We have found a distinct positive correlation between a literary misery index in English (and German) language books and a moving average of the economical misery index. It is a common observation that culture cycles [20], [48][50], and given that both literary misery and economic misery follow cycles, it could be counter-argued that the correlation here has no causal link.

We think it is highly unlikely that there would be no causal relationship, for a few reasons. Firstly, the best correlation is achieved when we match literary misery with economic misery specifically, rather than different emotions compared to economic misery, or literary misery to unemployment or inflation individually. This implies a causal connection; it actually matters that we match the emotional index to the economic index.

Secondly, the moving average of economic misery correlates better with literary misery than economic misery after a specific number of years time lag. The results support the hypothesis that emotion words in books reflect general past economic conditions averaged over a time scale of approximately the previous decade.
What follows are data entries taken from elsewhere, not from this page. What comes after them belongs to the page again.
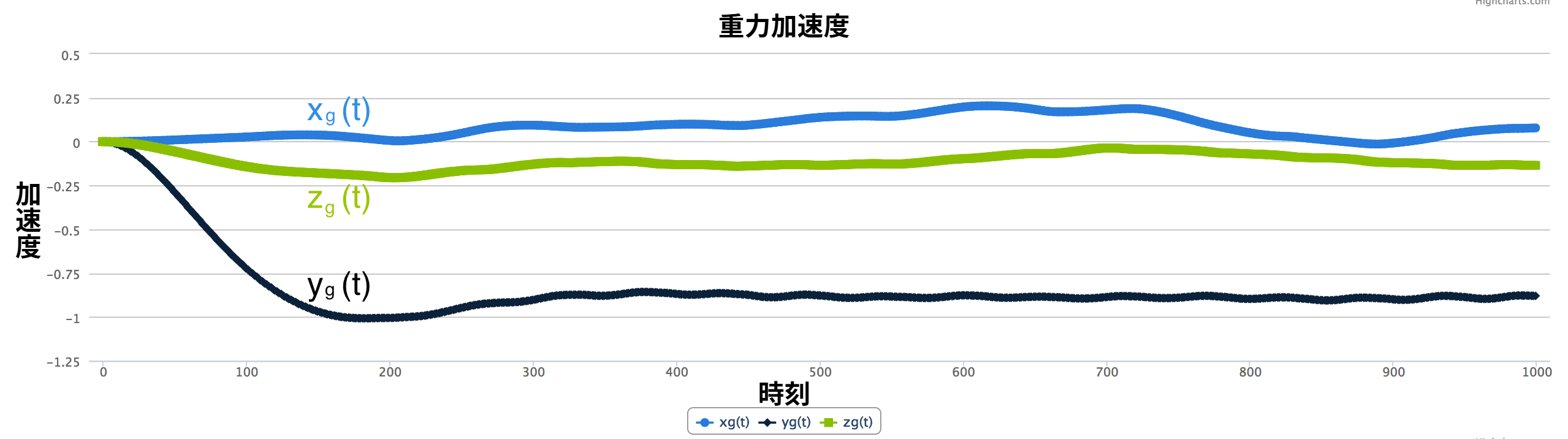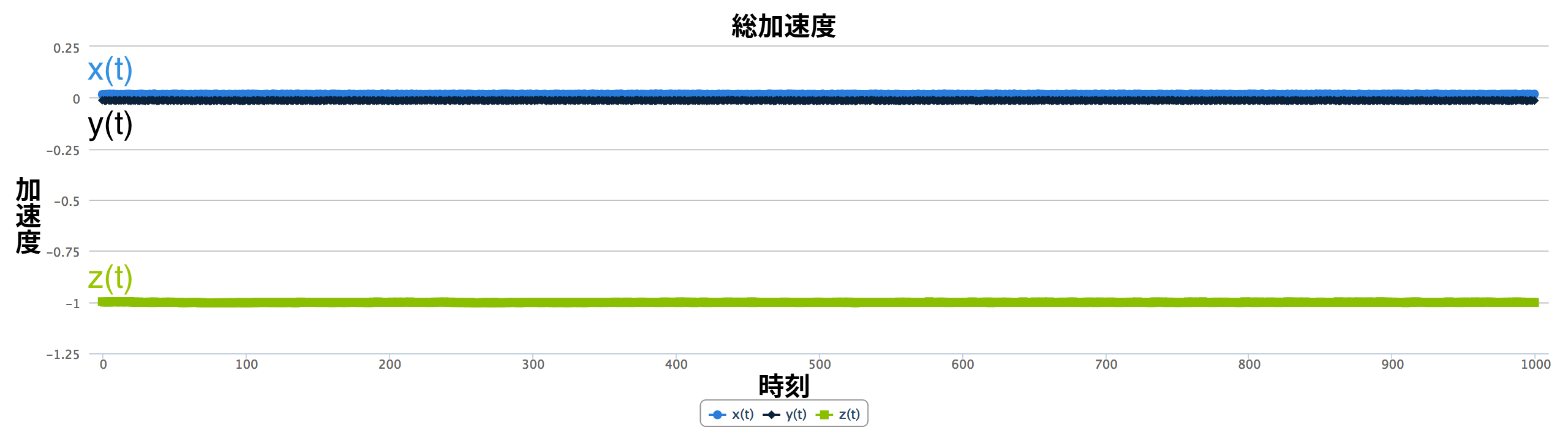 \(x(t)\) と \(y(t)\) は \(0\) で一定なのに対して、 \(z(t)\) は \(-g\) で一定なことに注目してほしい。この加速度計は重力加速度を含めた全ての加速度を記録している。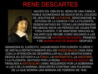 El documento presenta información sobre René Descartes y su método filosófico. Descartes desarrolló un método deductivo basado en la intuición y deducción para establecer verdades ciertas. Parte de la duda metódica universal y llega a la primera verdad indubitable "pienso, luego existo". A partir de ahí deduce la existencia de Dios y distingue tres sustancias: res cogitans (mente), res extensa (cuerpo) y la sustancia infinita (Dios).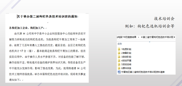 甚至这些还不够,杜忠还联合当地科技局开展枸杞色选技术培训会,积极将色选工艺和技术传播出去。在行业人眼中,他们已经不是卖产品的,而是帮自己解决问题的专家。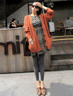 復(fù)古印花的連衣裙搭配深灰色打底褲,顏色上面非常呼應(yīng),民族風(fēng)有沒有!橘色復(fù)古毛衣當(dāng)做外套,流蘇坡跟鞋子也散發(fā)古著氣息,深棕色手袋的搭配也恰到好處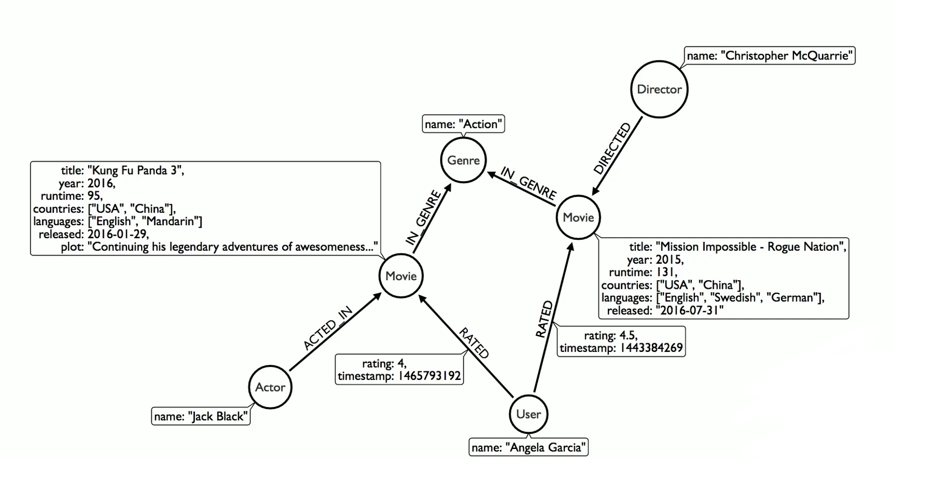 Movie에 대한 정보, Movie를 연기한 Actor의 정보, Movie에 대해 평가를 내린 User에 대한 정보 등이 담겨있다.
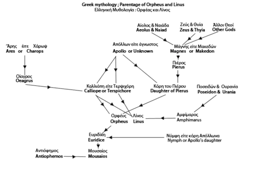 Op de berg van de muzen, de Helicon, had Linus, zoon van Amphimarus (of Apollo) en de muze Urania, een grot met zijn beeld, waar hem jaarlijks voor het offer aan de muzen een lijkoffer werd gebracht. Hij zou zich met Apollo in een wedstrijd hebben gewaagd en daarom door deze zijn gedood. Van een bekwaam zanger werd hij allengs een wijze en geleerde. Hij zou Hercules in het citherspel hebben onderwezen. Doch toen hij de onleerzame leerling eens bestrafte, werd hij door hem met de cither gedood. In het Alexandrijnse tijdvak maakte men hem ook tot een onzekere schrijver, evenals Orpheus, Musaeus en anderen, met welke hij in betrekking van bloedverwantschap werd gebracht.

This underlies the logic of causal connection we are proposing, which is that populations accumulate experience over a period of time, rather than referring back to a period of some specific number of years ago, via a lag.

Finally, there is sociological reality that unemployment, one of the two components of economic misery, generally has a negative effect on emotional state [51][53]. Unemployed workers are more likely to experience depression, anxiety, and poor self-esteem [54] and even increased mortality rates related to alcohol and smoking [55], [56]. This affects not just individuals, but also families and communities [57], [58].

At the population scale, it seems to take about a decade for these effects to become registered in books. Using different techniques for calculating the literary misery index on multiple corpuses, we find agreement for the best period of 10–11 years for the moving average. This is somewhat shorter than the generational time scale observed in the usage of new words [4] or in the collective drift in ‘content–free’ words tied to group style and identity [59]. Underlying this difference may be the event-driven nature of economics, injecting a continual stream of novelty into cultural evolution that is perhaps more subject to the limits of individual memory retrieval [1], [60].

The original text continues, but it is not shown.